Hodari Subabu: During the show, before the show, after the show. It was just a constant barrage of women. You know, you'd go through and you'd see the ones you like, you pick, "Hey, you know, come backstage." It's just like, I would suspect it's probably like being in a rock band or something.
Natalia: Yeah. So orgy room. So you start charging, right?
Hodari Subabu: I did.
Natalia: Tell me about it!
Hodari Subabu: So one night, this is how it all blew up on me. One night I'm at the club. I'm tired, I want to go home. I just want to get my bag and just get the hell out of there. So I'm leaving the club, this girl's tugging on me. She's like, "Oh my God, please, please, please. I want you to come home with me." I'm like, "Ma'am, I'm flattered, but look, I don't want to go."

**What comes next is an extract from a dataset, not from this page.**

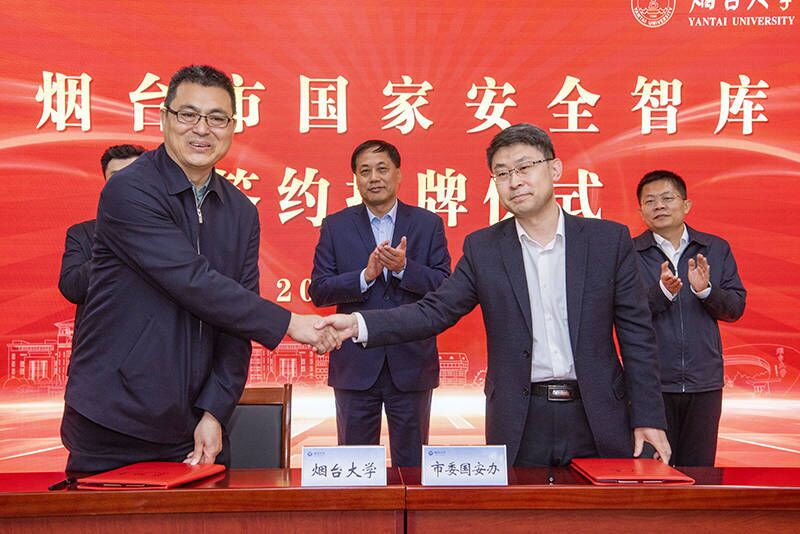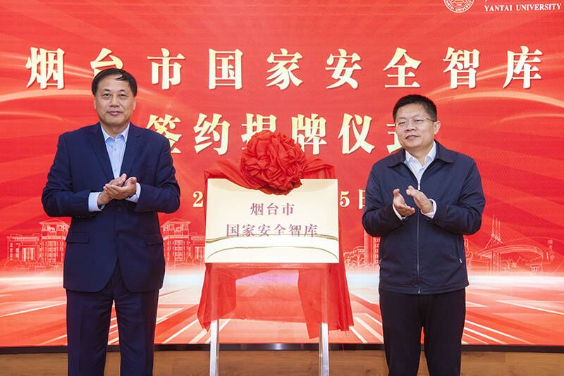 【本站讯】4月15日,烟台市国家安全智库签约揭牌仪式暨全民国家安全教育日活动在我院举行。烟台市委常委、秘书长、国安办主任于锋与yth20611游艇会网站党委书记张殿臣共同为烟台市国家安全智库揭牌,烟台市委副秘书长吴德文与yth20611游艇会网站党委副书记郭建国签署合作共建协议。
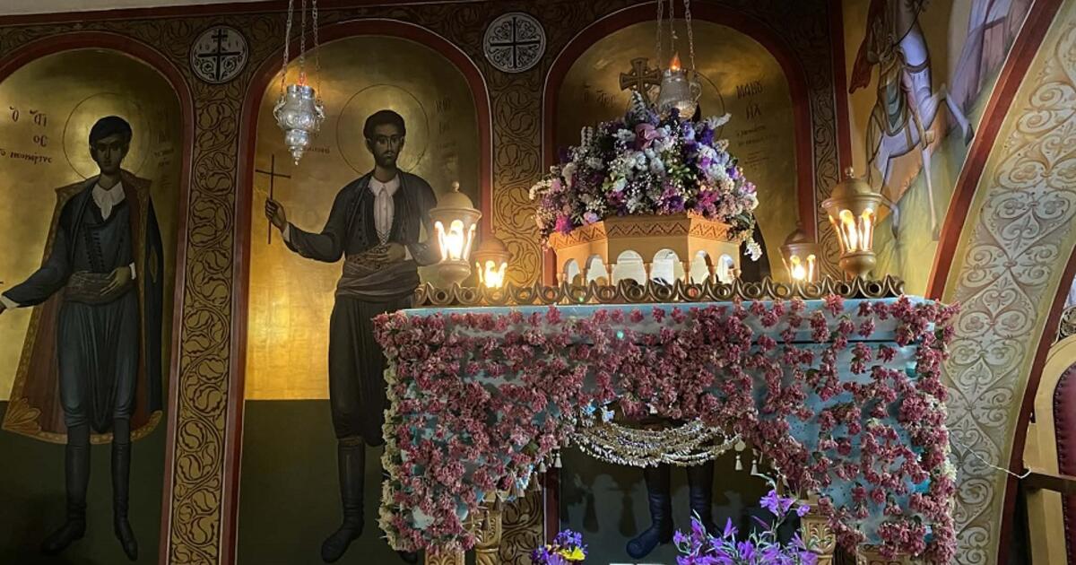 Η μνήμη περιδιαβαίνει στις κοινές στιγμές με τον άνθρωπο του οποίου το μνημόσυνο θα γίνονταν, μα και στις δικές μας απώλειες. Είχαμε έρθει νωρίς και έτσι μπορέσαμε να παρατηρήσουμε το χώρο, τα στασίδια, το άναμμα των κεριών, την εικονογραφία, τον ‘Αγιο Γεώργιο καβάλα στο άλογο και τον Άγιο Δημήτριο επίσης, την μεγάλη ασημένια εικόνα της Παναγίας μας, μα και να ακούσουμε την γλυκιά ψαλμωδία με τα τροπάρια της Εκκλησίας μας, το Ευαγγέλιο, τις προσευχές και το «Χριστός ανέστη» των ημερών. Το « Πάτερ ημών» έψαλαν όλοι μαζί οι πιστοί. Στην εκκλησία συνδέεσαι μυστικά για λίγο με τους υπόλοιπους πιστούς, μέσα από τη συναίσθηση της κοινής θρησκείας και ανθρώπινης μοίρας. Το ημίφως όπως διαχέονταν στο χώρο από τα καντήλια και τα κεριά ενώνονταν με τους γαλήνιους για την ψυχή ήχους από τους παπάδες και τους ψάλτες που ήταν ιδιαίτερα καλλίφωνοι και μας υπέβαλε ακόμα πιο κατανυκτικά γεμίζοντάς μας ηρεμία .

Natalia: And Hodari's finally, like, "Okay, fine. Give me $1,500. I'm not gonna spend the night. "And the woman's like, "All right, great. Let's go."
Hodari Subabu: So we go out. I'm on my motorcycle. I follow. And she's with, like, six of her home girls. We go to some big-ass mansion out in Encino. We go in. So we proceed. We're in the living room, me and the girl. All her friends are, they're all like, they're just standing there watching. So I'm like, "Look, if your friends are gonna watch, I'm gonna charge them too."
Natalia: Entrepreneurial as ever. But they say "Fine," and leave. When Hodari finishes, he tells the woman he's ready to get paid.
Hodari Subabu: So the girl tells me, "I'm not giving you $1,500 for that." So of course, I'm pissed off, and I'm kind of breaking stuff in the house and going through all this bullshit. And finally they come up, all the friends come up and they—I think they scrape up maybe $500, $600. I take that and leave. The next day I go to work, the police are there waiting for me. So Banerjee's like, "I got the police over here. They want to talk to you." So I go in, I'm talking to the police officer. He said, "Look, we always suspected that you guys did that, but now we know." And they just thought it was the funniest thing.
Natalia: The police?
Hodari Subabu: The police. They're not, like—they're not looking at me like this guy's some super criminal. They're like, "Shit, we wish we could do it too. We wish we could charge women to have sex with us too. That would be great." So they kinda—you know, they kinda laughed it off.
Natalia: The cops do not care. But Banerjee suspends Hodari from work anyway, for 30 days. And while it's basically a slap on the wrist, Hodari is pissed that Banerjee punishes him at all.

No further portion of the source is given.